--- INPUT DATA ---

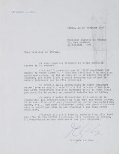 Vittorio de SICA (1901-1974) réalisateur, metteur en scène et acteur italien.Lettre signée adressée de Paris, le 22 février 1967, à le Breton, lui signifiant qu’il serait très tenté pour jouer le rôle principal de son nouveau roman, porté...
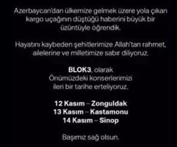 Blok3 önümüzdeki 3 gün boyunca gerçekleşmesi beklenen tüm konserlerini iptal ettiğini duyurdu.
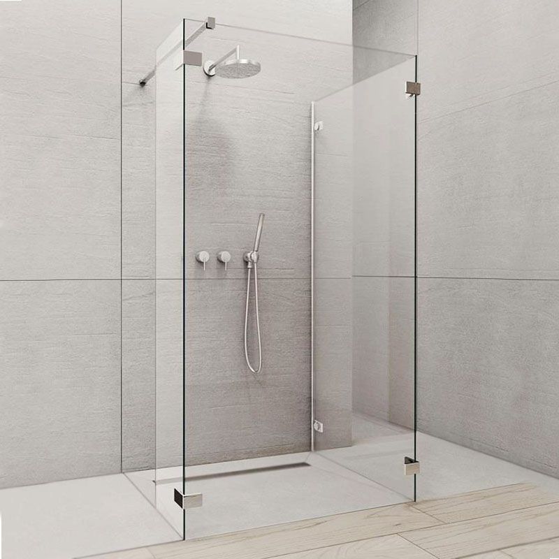 - фронтальная часть душевой перегородки: неподвижное стекло с фурнитурой;
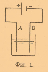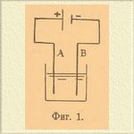 — Русский академик Якоби впервые (в 1860 г.) применил для телеграфных целей принцип вторичных батарей, т. е. батарей, которые становятся источниками Э. энергии после того, как через них пропущен ток от другого источника тока. Гастон Планте воспользовался идеей Якоби и устроил вторичный элемент, состоящий из двух свинцовых пластинок, погруженных в воду, подкисленную серной кислотой. Такой элемент при соединении обеих пластинок металлическим проводником не дает тока, но если мы соединим пластинку А (фиг. 1), например, с положительным полюсом, а пластинку В с отрицательным полюсом некоторого источника тока и если от этого последнего начнет проходить ток через пластинки и жидкость данного элемента, то, выключив после некоторого времени источник тока и замкнув обе пластинки металлическим проводником, мы заметим, что этот элемент будет давать ток тем более продолжительный, чем больше будет сопротивление проводника, соединяющего обе пластинки, и чем дольше от данного источника пропускался через элемент ток.

---

» **YOUR OBJECTIVE**
Quote the data above in full and without alteration; skip the pictures.

» **TASK RESULT**
 Vittorio de SICA (1901-1974) réalisateur, metteur en scène et acteur italien.Lettre signée adressée de Paris, le 22 février 1967, à le Breton, lui signifiant qu’il serait très tenté pour jouer le rôle principal de son nouveau roman, porté...
 Blok3 önümüzdeki 3 gün boyunca gerçekleşmesi beklenen tüm konserlerini iptal ettiğini duyurdu.
 - фронтальная часть душевой перегородки: неподвижное стекло с фурнитурой;
 — Русский академик Якоби впервые (в 1860 г.) применил для телеграфных целей принцип вторичных батарей, т. е. батарей, которые становятся источниками Э. энергии после того, как через них пропущен ток от другого источника тока. Гастон Планте воспользовался идеей Якоби и устроил вторичный элемент, состоящий из двух свинцовых пластинок, погруженных в воду, подкисленную серной кислотой. Такой элемент при соединении обеих пластинок металлическим проводником не дает тока, но если мы соединим пластинку А (фиг. 1), например, с положительным полюсом, а пластинку В с отрицательным полюсом некоторого источника тока и если от этого последнего начнет проходить ток через пластинки и жидкость данного элемента, то, выключив после некоторого времени источник тока и замкнув обе пластинки металлическим проводником, мы заметим, что этот элемент будет давать ток тем более продолжительный, чем больше будет сопротивление проводника, соединяющего обе пластинки, и чем дольше от данного источника пропускался через элемент ток.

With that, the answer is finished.